Sidney Stewart

No. 29 – Maryland Terrapins
- Position: Defensive end
- Class: Freshman

Personal information
- Listed height: 6 ft 3 in (1.91 m)
- Listed weight: 255 lb (116 kg)

Career information
- High school: Concordia Preparatory (Towson, Maryland)
- College: Maryland (2025–present);
- Stats at ESPN

= Sidney Stewart (American football) =

American football player

Sidney Stewart is an American football defensive end for the Maryland Terrapins.

==Early life==
Stewart is Baltimore, Maryland. He grew up in Joppa, Maryland and attended high school at Concordia Preparatory located in Towson, Maryland. Coming out of high school, he was rated as a three-star recruit, where he committed to play college football for the Maryland Terrapins.

==College career==
Heading into the 2025 season, Stewart was named a starter for the Terrapins, as well as being named to the 2025 Preseason Freshman All-America Team. In week one of the 2025 season, he recorded five tackles with three being for a loss, a sack, and a safety in a win over Florida Atlantic.

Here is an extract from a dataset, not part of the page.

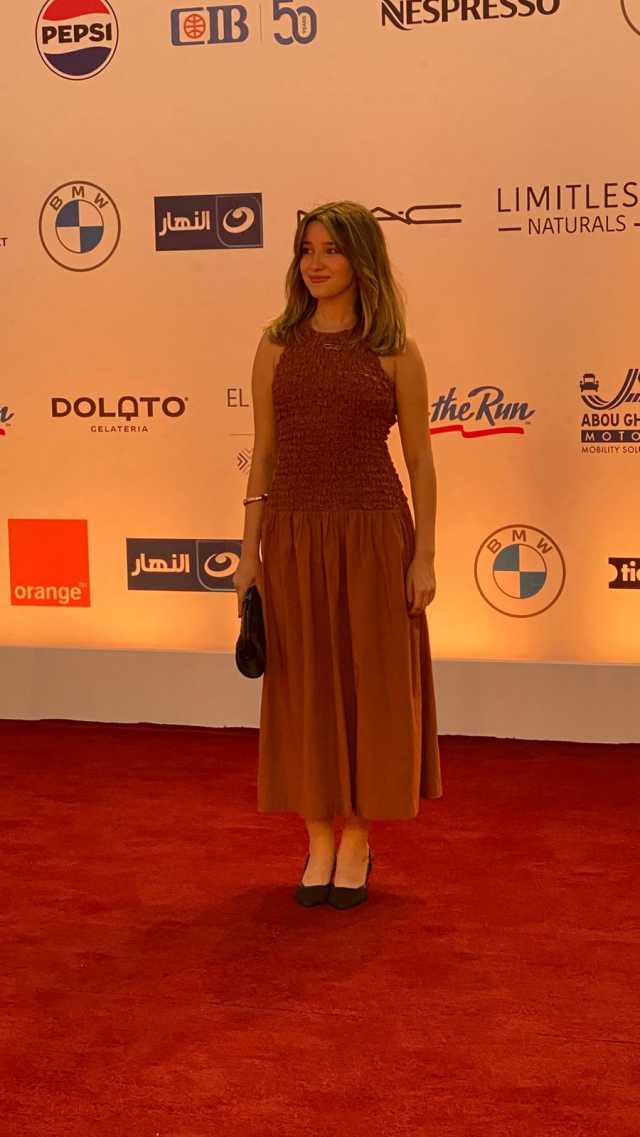 أما الممثلة المصرية نيللي كريم، فقد اختارت فستانًا تميز بفتحة منخفضة عند الصدر وشقوق جانبية في التنورة.

In week two, Stewart recorded three tackles with one being for a loss, and a sack in a victory versus Northern Illinois.

==Personal life==
Stewart is the son of Lashelle Stewart, a nonprofit Leader in Baltimore and current assistant coach and former professional basketball player Stephen Stewart, while his two uncles Larry and Lynard also played professionally.